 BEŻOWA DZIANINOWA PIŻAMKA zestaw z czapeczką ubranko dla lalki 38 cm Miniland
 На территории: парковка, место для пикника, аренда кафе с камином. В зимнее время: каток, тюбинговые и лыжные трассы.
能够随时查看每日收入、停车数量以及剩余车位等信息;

┄┄┄┄┄┄┄┄┄┄┄┄┄┄┄┄┄┄┄┄

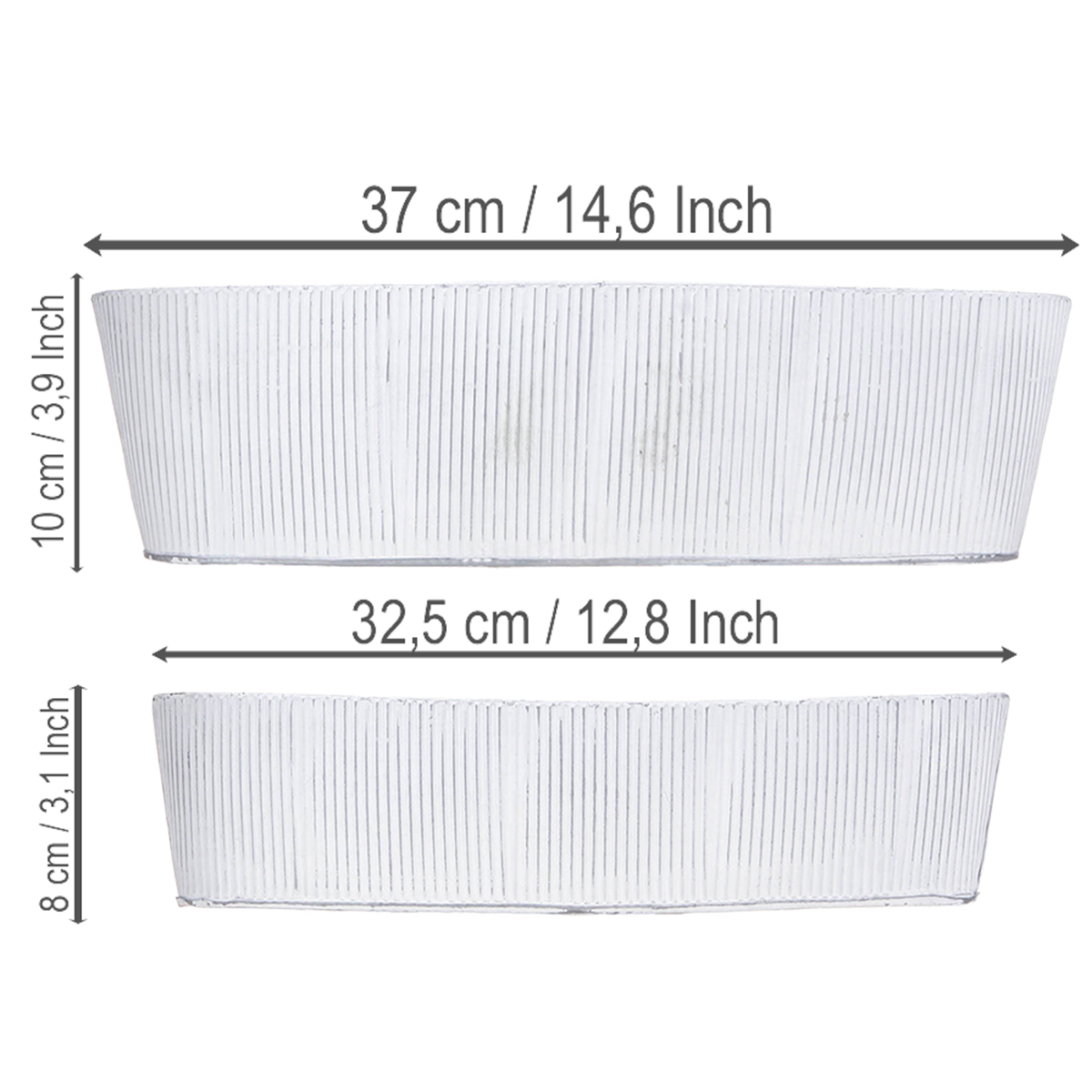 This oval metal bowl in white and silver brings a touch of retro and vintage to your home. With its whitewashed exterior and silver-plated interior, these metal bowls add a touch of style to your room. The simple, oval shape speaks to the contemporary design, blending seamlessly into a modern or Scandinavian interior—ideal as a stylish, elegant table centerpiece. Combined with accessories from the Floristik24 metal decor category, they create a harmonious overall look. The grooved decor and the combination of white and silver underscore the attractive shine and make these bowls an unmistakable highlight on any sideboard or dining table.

┄┄┄┄┄┄┄┄┄┄┄┄┄┄┄┄┄┄┄┄

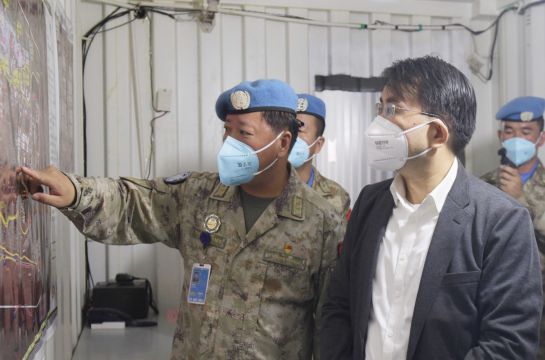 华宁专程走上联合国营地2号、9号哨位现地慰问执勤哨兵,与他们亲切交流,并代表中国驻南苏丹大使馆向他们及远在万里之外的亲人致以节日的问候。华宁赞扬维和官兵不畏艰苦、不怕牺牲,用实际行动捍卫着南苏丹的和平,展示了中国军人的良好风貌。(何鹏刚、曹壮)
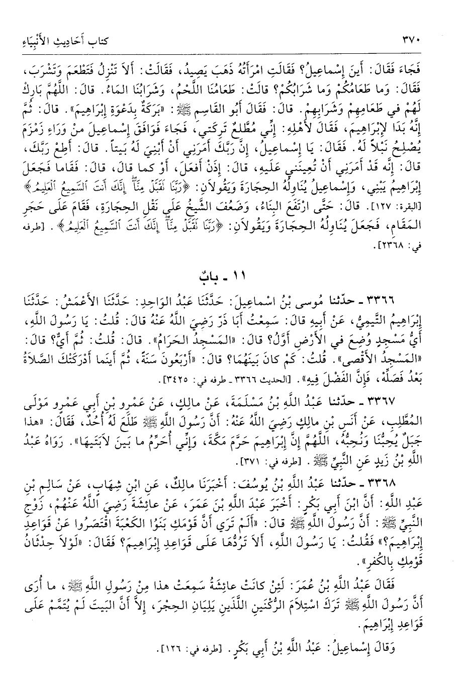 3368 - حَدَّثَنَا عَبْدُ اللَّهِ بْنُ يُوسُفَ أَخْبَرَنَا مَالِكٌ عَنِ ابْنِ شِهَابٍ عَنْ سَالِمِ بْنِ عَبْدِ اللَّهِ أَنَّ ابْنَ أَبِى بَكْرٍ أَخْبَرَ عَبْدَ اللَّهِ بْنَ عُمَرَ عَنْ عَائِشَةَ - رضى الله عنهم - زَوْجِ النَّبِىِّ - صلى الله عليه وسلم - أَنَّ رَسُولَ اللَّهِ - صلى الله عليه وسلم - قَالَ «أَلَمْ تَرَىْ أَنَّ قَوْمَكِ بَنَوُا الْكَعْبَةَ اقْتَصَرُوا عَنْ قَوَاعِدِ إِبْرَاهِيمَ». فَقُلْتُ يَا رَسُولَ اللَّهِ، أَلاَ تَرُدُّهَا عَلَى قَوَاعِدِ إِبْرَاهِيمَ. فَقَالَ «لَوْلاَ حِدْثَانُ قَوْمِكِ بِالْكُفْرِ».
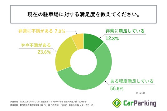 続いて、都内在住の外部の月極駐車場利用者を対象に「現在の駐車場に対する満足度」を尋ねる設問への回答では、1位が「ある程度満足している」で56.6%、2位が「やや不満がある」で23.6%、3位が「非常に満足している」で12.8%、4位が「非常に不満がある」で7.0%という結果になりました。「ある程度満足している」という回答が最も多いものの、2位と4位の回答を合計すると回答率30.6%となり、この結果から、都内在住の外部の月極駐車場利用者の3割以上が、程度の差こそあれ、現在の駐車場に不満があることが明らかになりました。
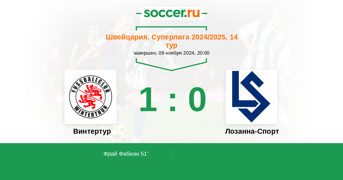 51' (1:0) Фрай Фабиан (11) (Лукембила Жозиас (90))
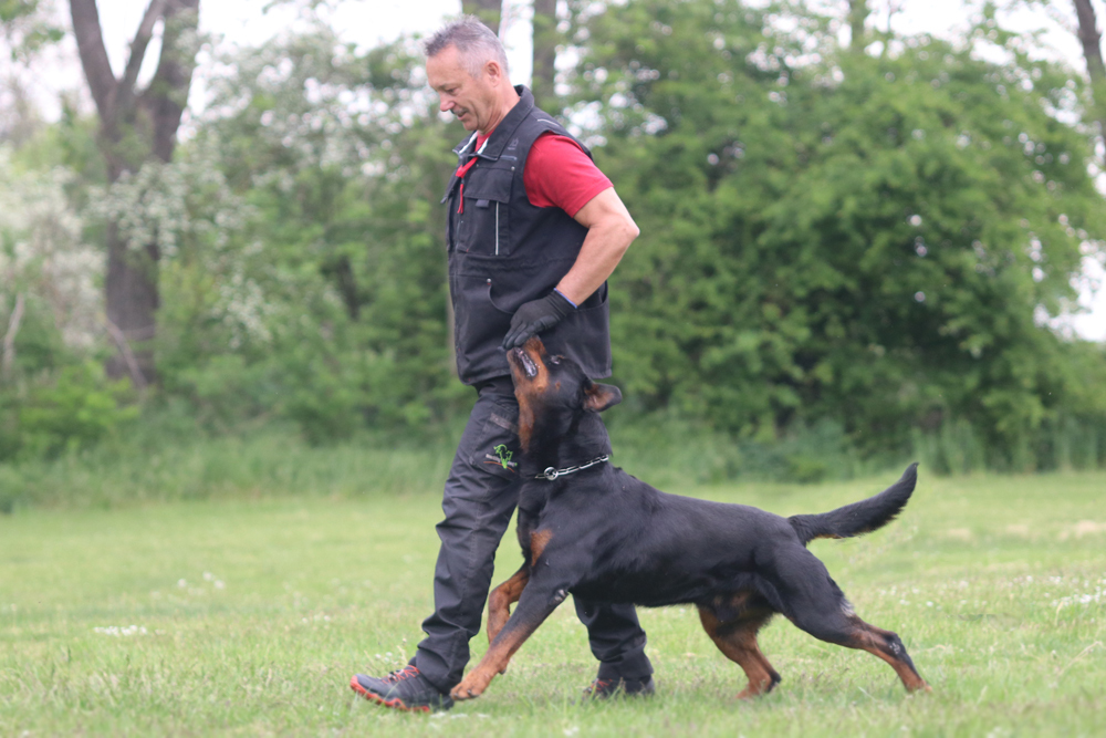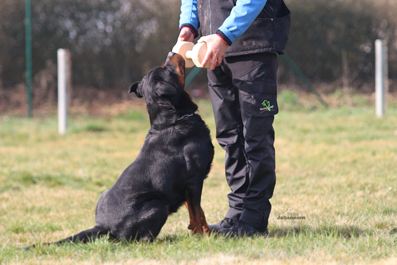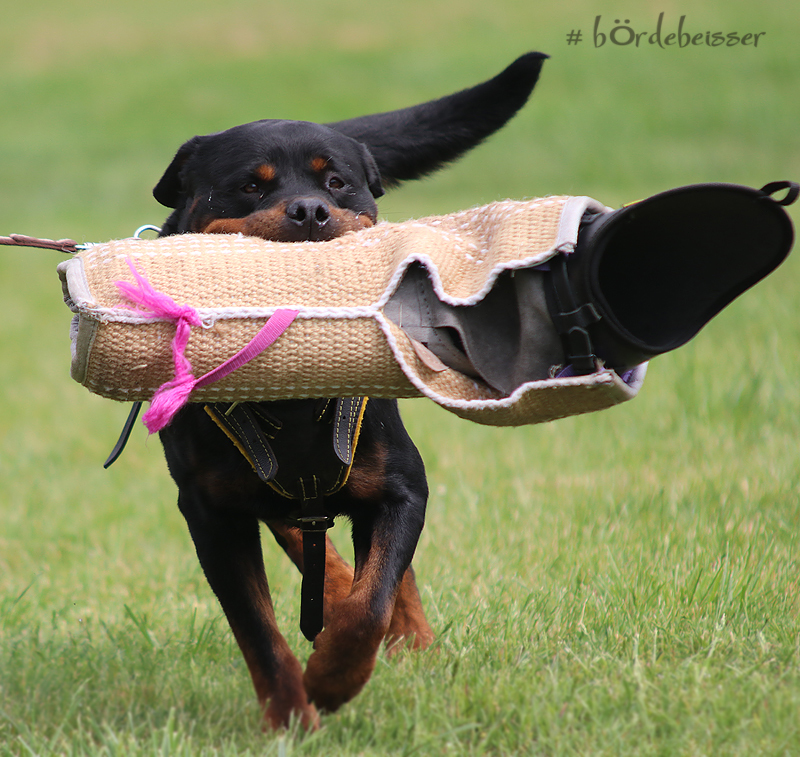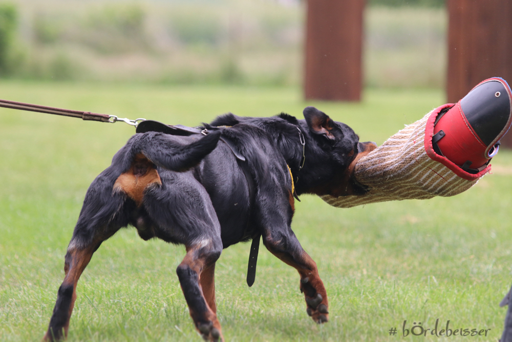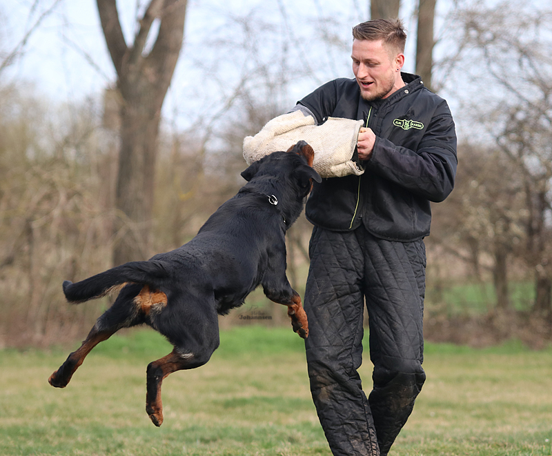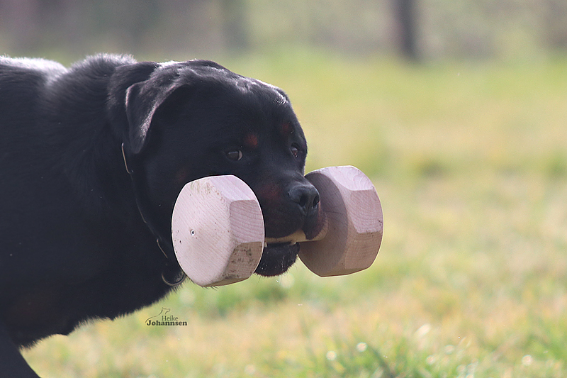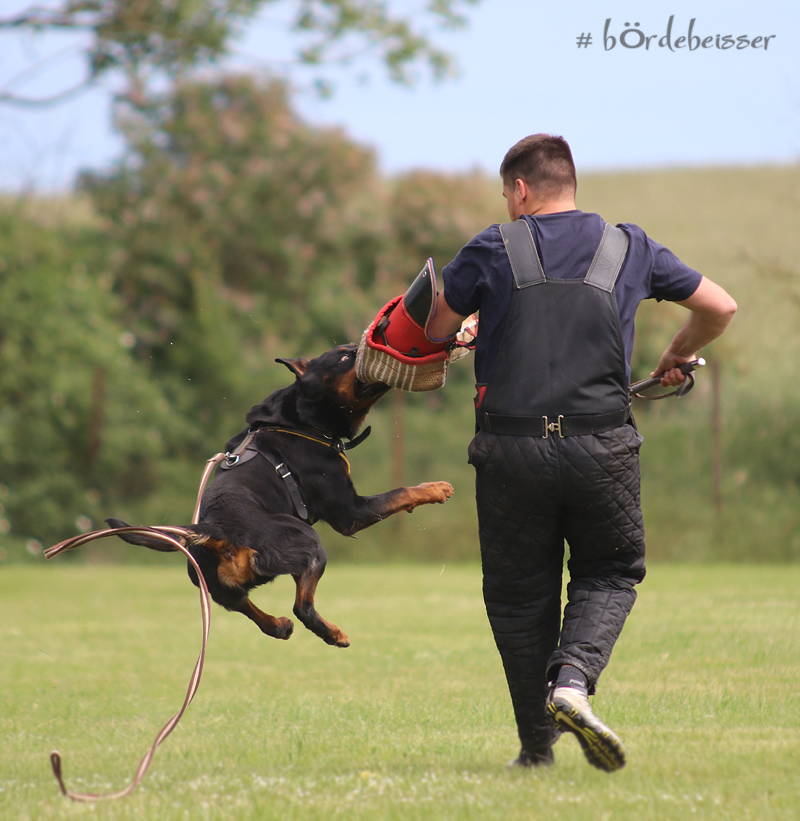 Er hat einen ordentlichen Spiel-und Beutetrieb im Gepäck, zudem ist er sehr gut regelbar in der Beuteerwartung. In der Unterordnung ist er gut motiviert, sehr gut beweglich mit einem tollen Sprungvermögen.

┄┄┄┄┄┄┄┄┄┄┄┄┄┄┄┄┄┄┄┄

__DESCRIPTION OF THE TASK__: Reproduce exactly the lines of the data above that run from the line with "3368 - حَدَّثَنَا" down to the line with "Er hat einen", both ends included. Pictures do not belong in the copy.

__RESPONSE BOX__:
 3368 - حَدَّثَنَا عَبْدُ اللَّهِ بْنُ يُوسُفَ أَخْبَرَنَا مَالِكٌ عَنِ ابْنِ شِهَابٍ عَنْ سَالِمِ بْنِ عَبْدِ اللَّهِ أَنَّ ابْنَ أَبِى بَكْرٍ أَخْبَرَ عَبْدَ اللَّهِ بْنَ عُمَرَ عَنْ عَائِشَةَ - رضى الله عنهم - زَوْجِ النَّبِىِّ - صلى الله عليه وسلم - أَنَّ رَسُولَ اللَّهِ - صلى الله عليه وسلم - قَالَ «أَلَمْ تَرَىْ أَنَّ قَوْمَكِ بَنَوُا الْكَعْبَةَ اقْتَصَرُوا عَنْ قَوَاعِدِ إِبْرَاهِيمَ». فَقُلْتُ يَا رَسُولَ اللَّهِ، أَلاَ تَرُدُّهَا عَلَى قَوَاعِدِ إِبْرَاهِيمَ. فَقَالَ «لَوْلاَ حِدْثَانُ قَوْمِكِ بِالْكُفْرِ».
 続いて、都内在住の外部の月極駐車場利用者を対象に「現在の駐車場に対する満足度」を尋ねる設問への回答では、1位が「ある程度満足している」で56.6%、2位が「やや不満がある」で23.6%、3位が「非常に満足している」で12.8%、4位が「非常に不満がある」で7.0%という結果になりました。「ある程度満足している」という回答が最も多いものの、2位と4位の回答を合計すると回答率30.6%となり、この結果から、都内在住の外部の月極駐車場利用者の3割以上が、程度の差こそあれ、現在の駐車場に不満があることが明らかになりました。
 51' (1:0) Фрай Фабиан (11) (Лукембила Жозиас (90))
 Er hat einen ordentlichen Spiel-und Beutetrieb im Gepäck, zudem ist er sehr gut regelbar in der Beuteerwartung. In der Unterordnung ist er gut motiviert, sehr gut beweglich mit einem tollen Sprungvermögen.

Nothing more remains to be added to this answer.